EnzyCLIP: A Cross-Attention Dual Encoder Framework with Contrastive Learning for Predicting Enzyme Kinetic Constants
Anas Aziz Khan, Md Shah Fahad, Priyanka, Ramesh Chandra, Guransh Singh
TL;DR
EnzyCLIP introduces a CLIP-inspired cross-attention dual-encoder that jointly predicts enzyme turnover ($K_{cat}$) and Michaelis constant ($K_m$) from protein sequences and substrate SMILES. By combining frozen ESM-2 protein embeddings with ChemBERTa chemical representations in a bidirectional cross-attention architecture and training with InfoNCE contrastive loss plus a SmoothL1 regression objective on $\log_{10}$ transformed targets, the model learns aligned multimodal representations. On CatPred-DB data, it achieves competitive test $R^2$ values (~0.59–0.61) for both parameters, with Km slightly outperforming Kcat and further gains from XGBoost ensembles on the learned embeddings. The results demonstrate the value of multimodal integration for enzyme kinetics, provide interpretable insights via SHAP analyses, and offer a lightweight, scalable framework suitable for enzyme engineering and high-throughput screening. The work highlights distinct mechanistic signals for catalysis and binding, as evidenced by length- and EC-class-dependent performance patterns, and sets the stage for further enhancements through structure, dynamics, and phylogenetic information.
Abstract
Accurate prediction of enzyme kinetic parameters is crucial for drug discovery, metabolic engineering, and synthetic biology applications. Current computational approaches face limitations in capturing complex enzyme-substrate interactions and often focus on single parameters while neglecting the joint prediction of catalytic turnover numbers (Kcat) and Michaelis-Menten constants (Km).
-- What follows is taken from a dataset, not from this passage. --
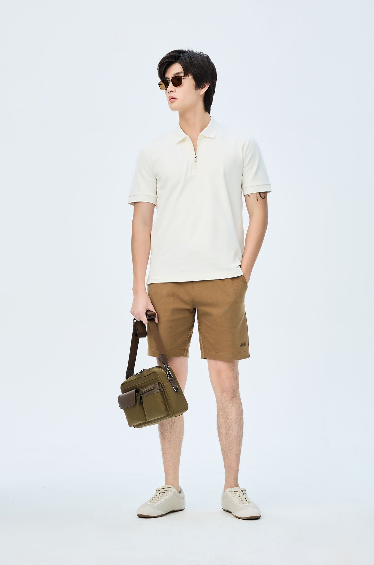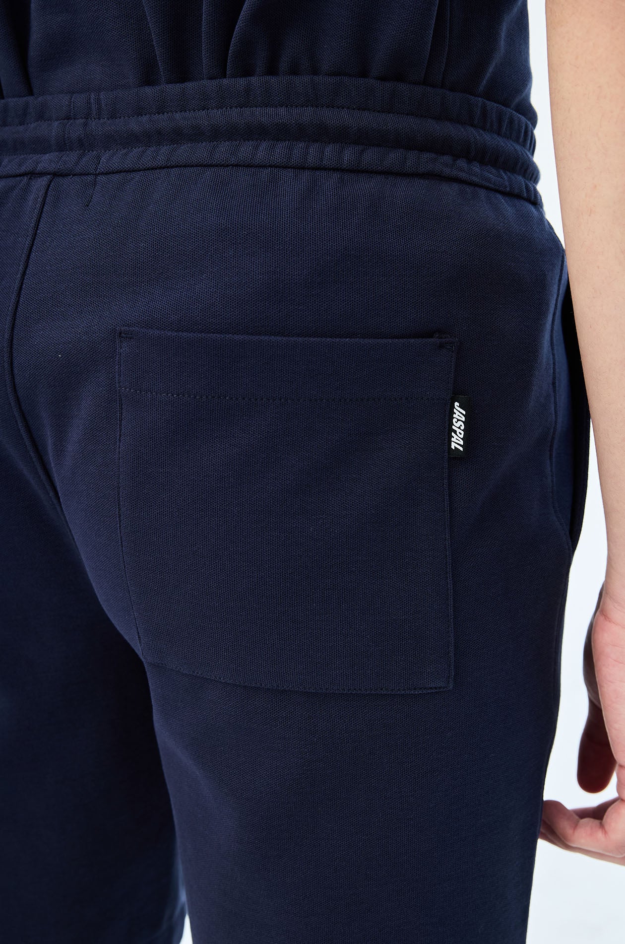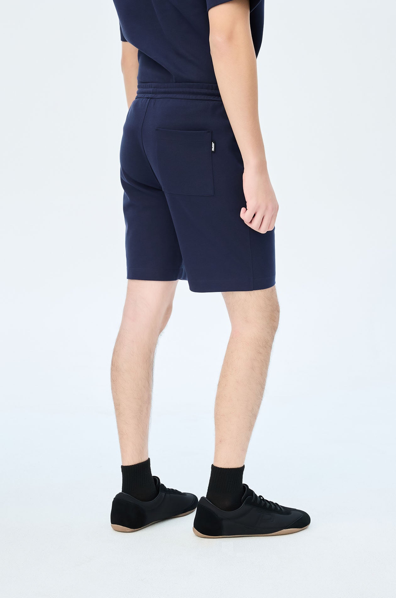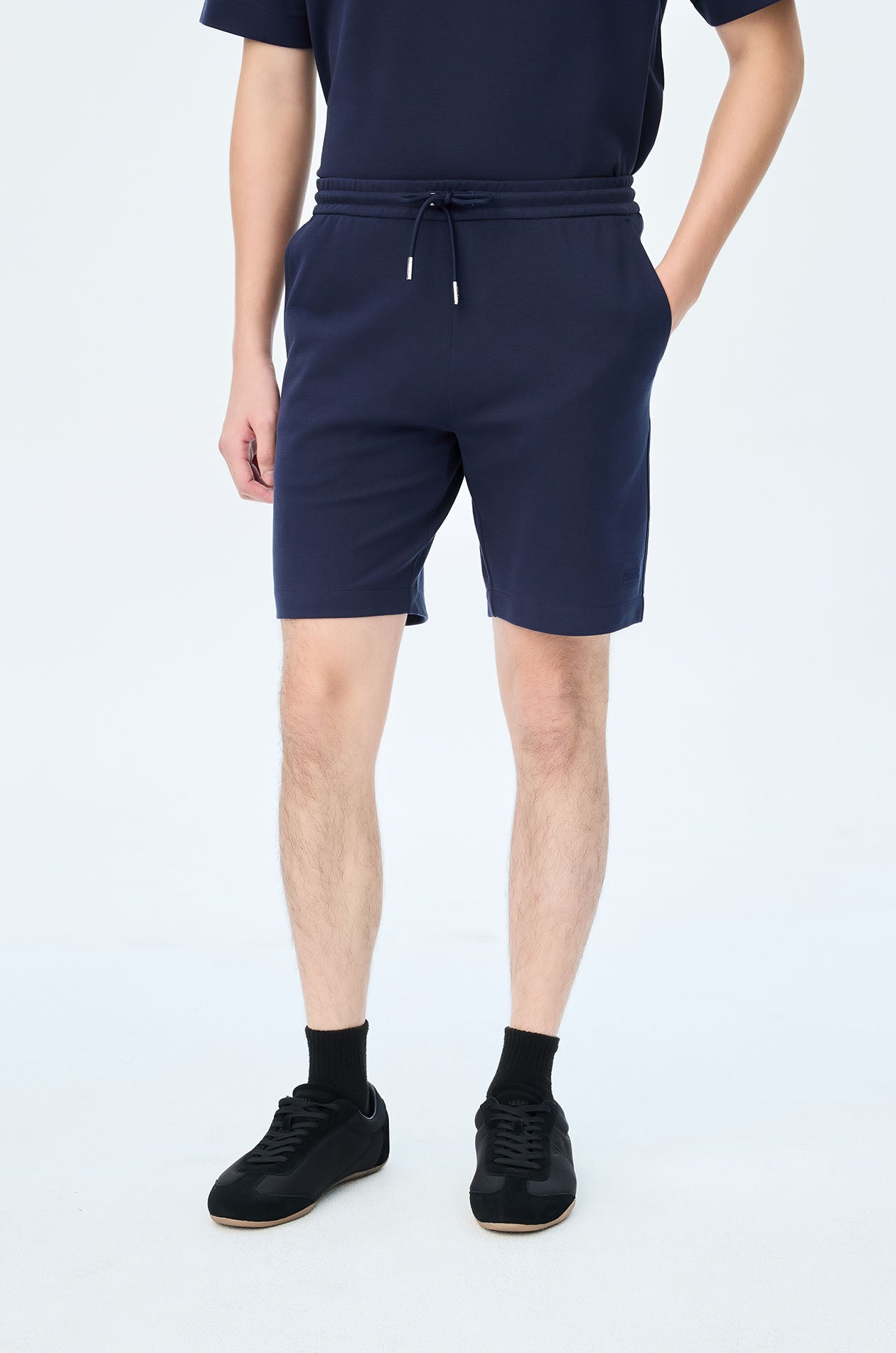 Mid-rise sweatshorts in cotton-blend pique. Above-knee length with side and back pockets. Elastic drawstring waistband. Available in light beige, navy, and olive brown.

We present EnzyCLIP, a novel dual-encoder framework that leverages contrastive learning and cross-attention mechanisms to predict enzyme kinetic parameters from protein sequences and substrate molecular structures. Our approach integrates ESM-2 protein language model embeddings with ChemBERTa chemical representations through a CLIP-inspired architecture enhanced with bidirectional cross-attention for dynamic enzyme-substrate interaction modeling. EnzyCLIP combines InfoNCE contrastive loss with Huber regression loss to learn aligned multimodal representations while predicting log10-transformed kinetic parameters. The model is trained on the CatPred-DB database containing 23,151 Kcat and 41,174 Km experimentally validated measurements, and achieved competitive performance with R2 scores of 0.593 for Kcat and 0.607 for Km prediction. XGBoost ensemble methods applied to the learned embeddings further improved Km prediction (R2 = 0.61) while maintaining robust Kcat performance.